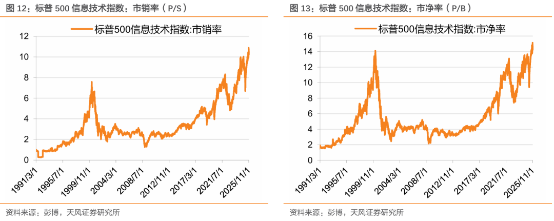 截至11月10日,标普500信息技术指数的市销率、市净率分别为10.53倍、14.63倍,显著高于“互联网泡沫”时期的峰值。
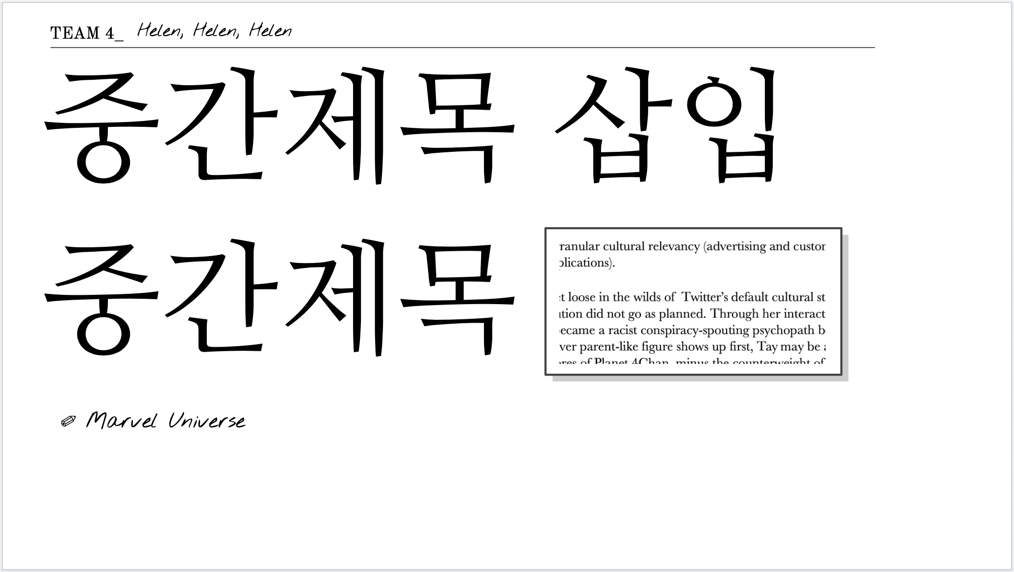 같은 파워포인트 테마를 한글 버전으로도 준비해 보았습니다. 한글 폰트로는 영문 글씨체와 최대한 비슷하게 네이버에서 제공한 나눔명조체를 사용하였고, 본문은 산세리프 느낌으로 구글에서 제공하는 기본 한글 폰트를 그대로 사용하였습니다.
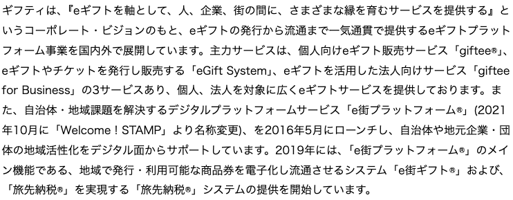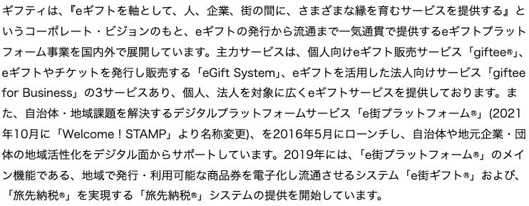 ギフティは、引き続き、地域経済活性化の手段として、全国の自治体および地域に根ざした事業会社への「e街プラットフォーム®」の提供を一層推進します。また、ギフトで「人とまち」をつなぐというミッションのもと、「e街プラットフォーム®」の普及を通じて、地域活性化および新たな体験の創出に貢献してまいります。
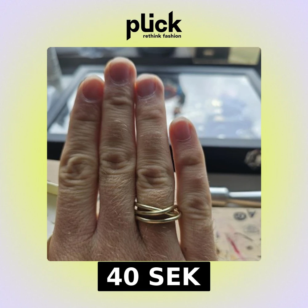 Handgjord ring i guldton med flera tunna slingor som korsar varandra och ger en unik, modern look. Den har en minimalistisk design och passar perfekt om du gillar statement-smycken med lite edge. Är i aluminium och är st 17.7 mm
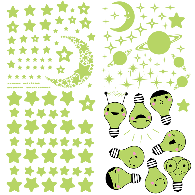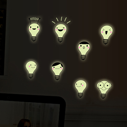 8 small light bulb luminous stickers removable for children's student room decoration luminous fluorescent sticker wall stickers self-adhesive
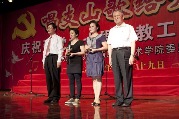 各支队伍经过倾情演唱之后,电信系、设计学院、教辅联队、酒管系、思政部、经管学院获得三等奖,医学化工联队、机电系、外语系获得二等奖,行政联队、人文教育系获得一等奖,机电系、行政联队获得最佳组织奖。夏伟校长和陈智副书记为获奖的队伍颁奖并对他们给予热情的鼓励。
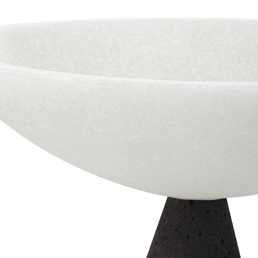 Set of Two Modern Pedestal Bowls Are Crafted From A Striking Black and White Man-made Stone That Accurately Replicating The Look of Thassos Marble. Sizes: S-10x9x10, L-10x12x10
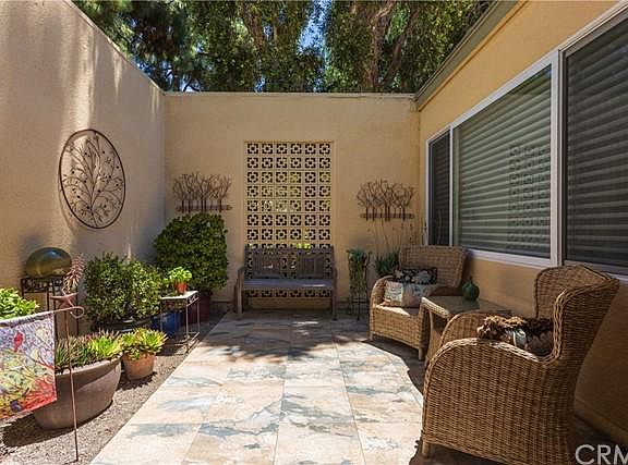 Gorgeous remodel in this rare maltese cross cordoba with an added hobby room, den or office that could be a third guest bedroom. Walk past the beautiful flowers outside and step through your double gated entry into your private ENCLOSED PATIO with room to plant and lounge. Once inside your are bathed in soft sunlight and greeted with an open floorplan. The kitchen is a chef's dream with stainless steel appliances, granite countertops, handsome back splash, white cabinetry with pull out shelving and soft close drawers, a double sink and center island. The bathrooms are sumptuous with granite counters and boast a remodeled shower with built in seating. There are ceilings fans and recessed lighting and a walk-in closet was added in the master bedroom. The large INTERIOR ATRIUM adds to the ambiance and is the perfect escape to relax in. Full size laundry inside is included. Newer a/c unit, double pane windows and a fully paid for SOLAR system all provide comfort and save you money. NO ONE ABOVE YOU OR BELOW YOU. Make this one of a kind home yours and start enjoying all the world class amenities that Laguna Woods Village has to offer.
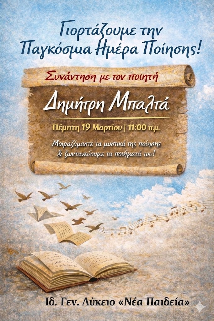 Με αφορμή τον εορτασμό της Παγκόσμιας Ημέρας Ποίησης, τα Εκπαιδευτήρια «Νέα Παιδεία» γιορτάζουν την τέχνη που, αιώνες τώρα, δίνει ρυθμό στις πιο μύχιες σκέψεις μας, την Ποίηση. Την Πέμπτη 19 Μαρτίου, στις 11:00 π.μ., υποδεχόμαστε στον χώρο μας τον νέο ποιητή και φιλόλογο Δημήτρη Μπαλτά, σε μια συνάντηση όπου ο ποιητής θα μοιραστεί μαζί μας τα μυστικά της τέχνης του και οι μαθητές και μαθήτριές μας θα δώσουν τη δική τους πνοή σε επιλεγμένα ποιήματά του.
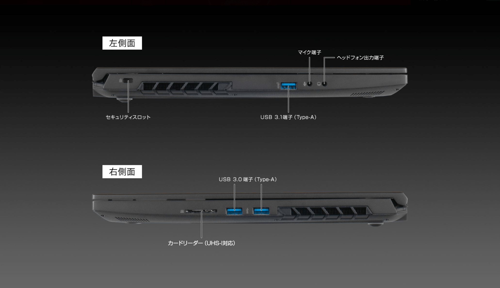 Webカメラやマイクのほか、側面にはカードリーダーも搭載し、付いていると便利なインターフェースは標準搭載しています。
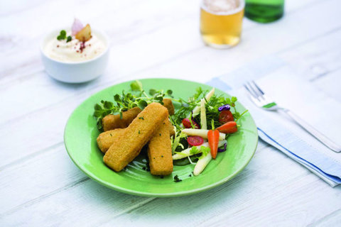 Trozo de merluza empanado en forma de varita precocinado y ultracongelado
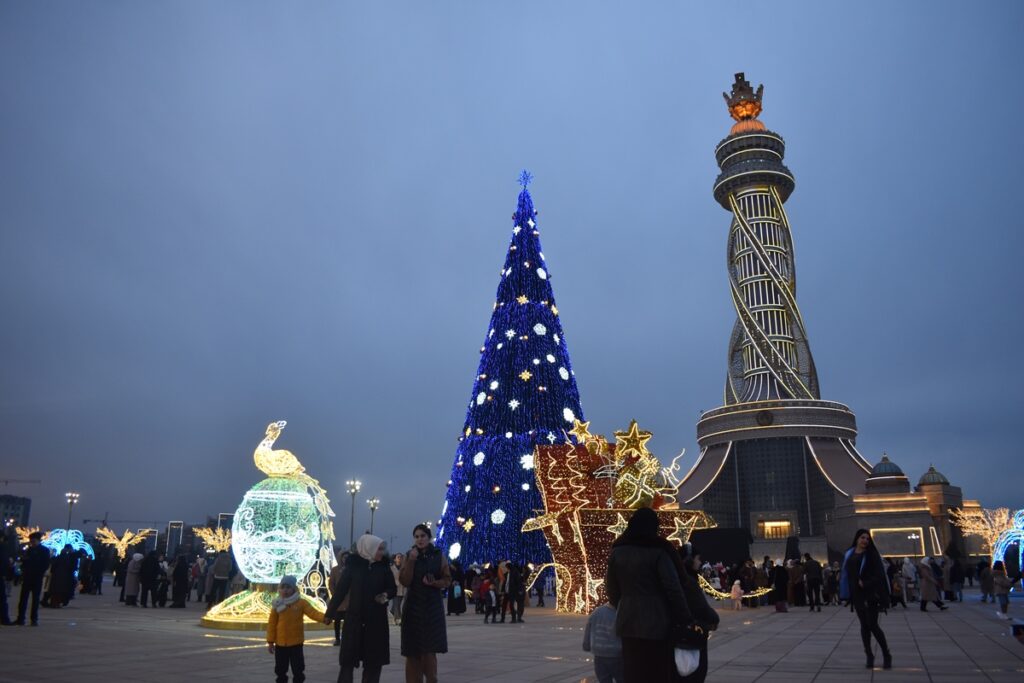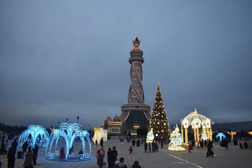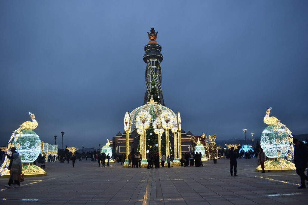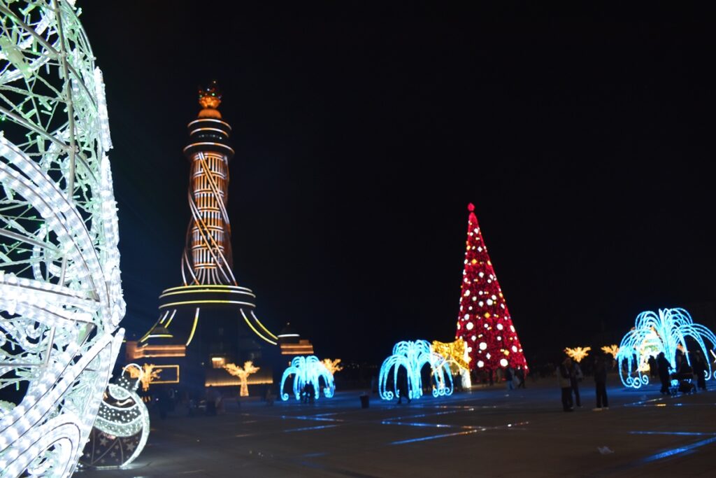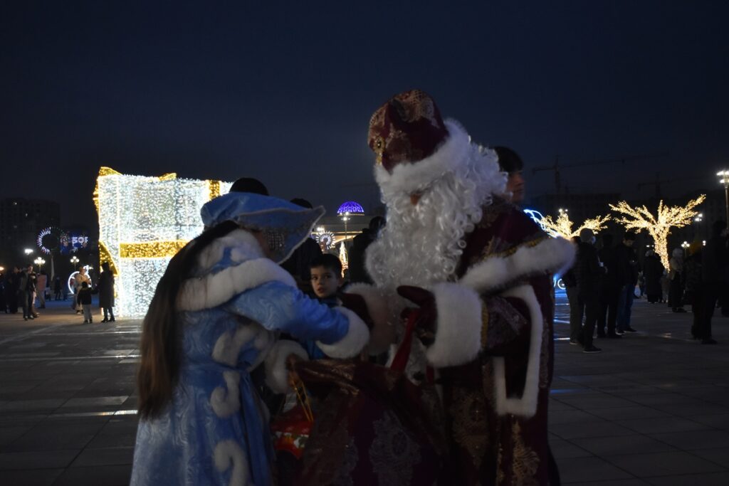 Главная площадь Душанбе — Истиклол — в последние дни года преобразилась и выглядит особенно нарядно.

※ ※ ※

Task requirements: Every line between the start of the listing and the line containing "같은 파워포인트 테마를", both ends counted, needs to be printed exactly, minus the pictures.

Answer to this exercise:
 截至11月10日,标普500信息技术指数的市销率、市净率分别为10.53倍、14.63倍,显著高于“互联网泡沫”时期的峰值。
 같은 파워포인트 테마를 한글 버전으로도 준비해 보았습니다. 한글 폰트로는 영문 글씨체와 최대한 비슷하게 네이버에서 제공한 나눔명조체를 사용하였고, 본문은 산세리프 느낌으로 구글에서 제공하는 기본 한글 폰트를 그대로 사용하였습니다.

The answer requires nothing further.